Startschuss für das Gartenjahr

Sehnsüchtig schauen viele Gartenbesitzer seit Wochen durch ihre Terrassentür. Sie wollen endlich ihren von der Wintertristesse befreiten Garten genießen. Gärtner von Eden Josef Grütters aus Sonsbeck gibt einen Überblick, was Pflanzen zum Start in die neue Gartensaison brauchen.

Das frühe Frühjahr ist eine gute Zeit, um sich den eigenen Garten einmal gründlich – vielleicht auch gemeinsam mit einem Profi – anzuschauen. Der sieht, ob die Grundstruktur stimmt, wo Pflanzen schwächeln und welche Unterstützung sie brauchen.
 
Stauden
Hier steht zunächst der Rückschnitt an, sofern der nicht schon im Spätherbst erfolgt ist. Auch für das Teilen zu groß gewordener Exemplare ist jetzt die rechte Zeit.
 
Gehölze
Ebenfalls Zeit für die Schere. Wie bei den Stauden sollte das Thermometer nicht mehr viel und lange unter null Grad fallen, wenn es an den Gehölzschnitt geht. Allerdings sollte der vor dem ersten Austrieb erfolgen, bei Frühjahrsblühern sogar erst nach der Blüte. Sommerblüher wie Rose und Buddleja vertragen einen kräftigen Rückschnitt und treiben umso kräftiger aus.
 
Rasen
Unter den pflanzlichen Gartenbewohnern ist der Rasen eher ein Spätstarter.

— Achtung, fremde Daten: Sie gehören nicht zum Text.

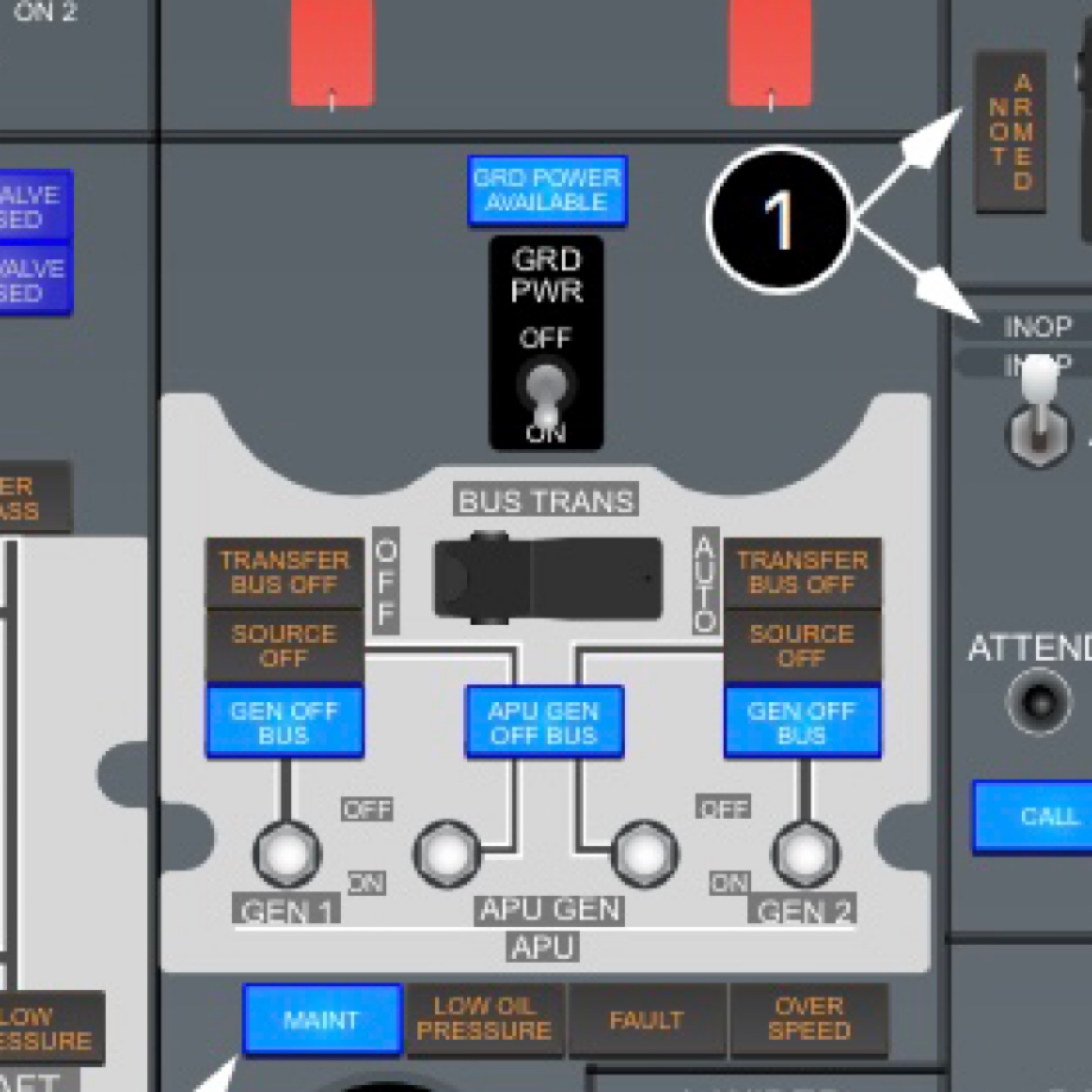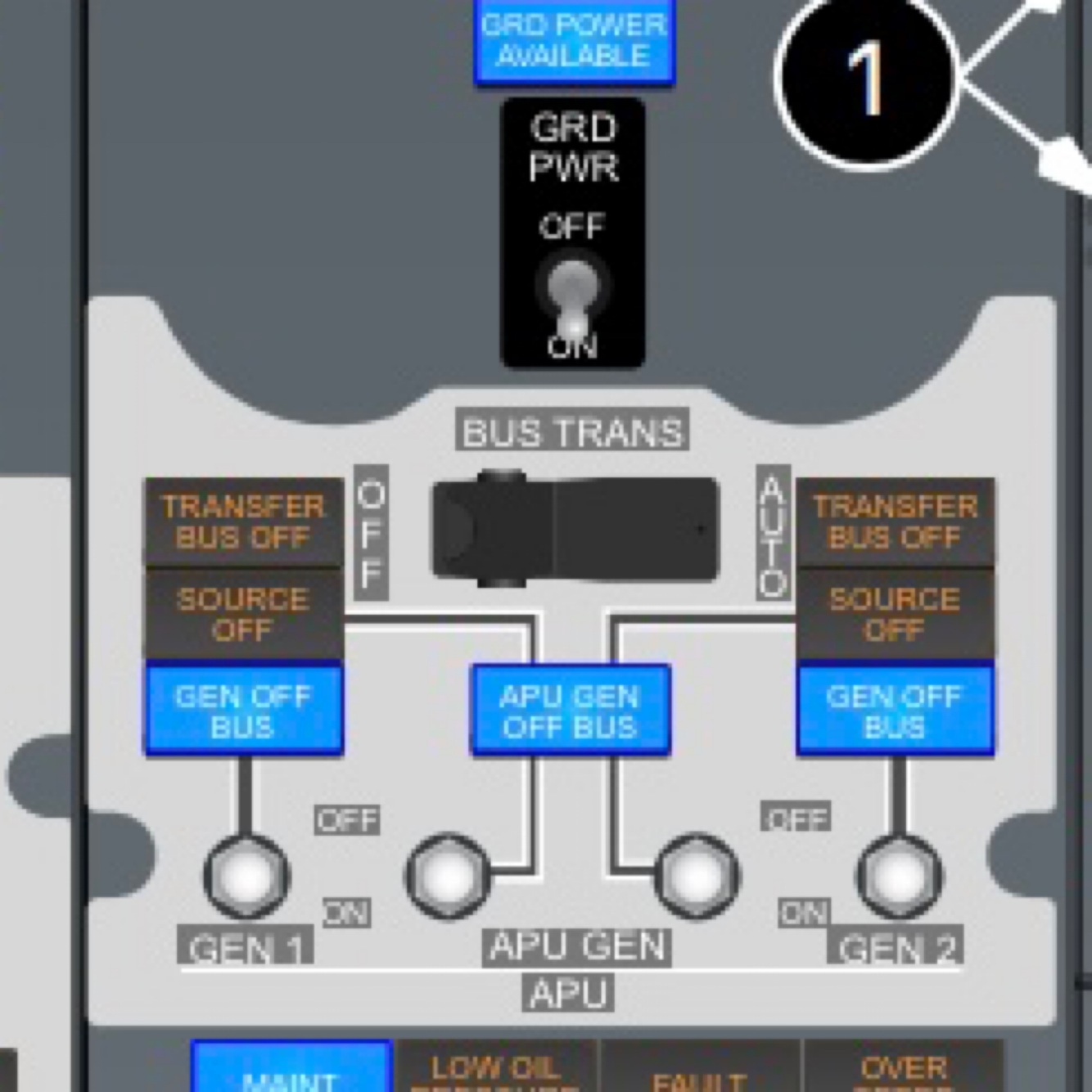 Once the IDG Generator Control Breaker closes (connecting IDG power to the Transfer Bus), the respective GEN OFF BUS light will

Er beginnt erst wieder zu wachsen, wenn der Boden dauerhaft etwa zehn Grad hat. Auf der Liste der Pflegeschritte zum Start in die neue Rasensaison sollten dann Vertikutieren, Aerifizieren, bei starker Moosbildung auch Kalken und Düngen stehen. Kahle Stellen nachsäen. Tipp: Beim ersten Schnitt sollte der Rasen nicht kürzer als vier Zentimeter gekappt werden.
 
Zwiebeln
Wenn der Rest des Gartens endlich durchstartet, ist ihre Zeit meist schon vorbei. Bleibt die Frage, wie man mit abgeblühten Narzissen und Tulpen umgehen soll. Gerade für Tulpen gilt: Die meisten Sorten sind keine Dauerblüher. Sie schwächeln im zweiten Jahr, manche kommen gar nicht wieder, andere nur mit kleinen Blüten. Wer dennoch versuchen möchte, die Zwiebeln fit für eine weitere Gartensaison zu machen, muss sie nach der Blüte düngen. Dann legen sie im Boden ihr Nährstoffdepot für die nächste Gartensaison an und teilen sich. Die meisten Narzissensorten sind da unkomplizierter. Auch sie freuen sich über eine Düngegabe nach der Blüte, strecken aber über viele Jahre getreulich wieder im Februar ihre Köpfe aus der Erde. Ein Ausgraben der Zwiebeln ist in der Regel nicht nötig.
 
Und das Laub?
Ist die Blüte vorbei, wird auch das Laub von Narzissen, Tulpen und Co. schnell unansehnlich. Doch sollte es nicht einfach abgeschnitten werden, weil es für die Nährstoffversorgung der Zwiebel wichtig ist. Erst wenn sich die Blätter ohne Kraftaufwand von der Zwiebel lösen lassen, kann das Laub entfernt werden.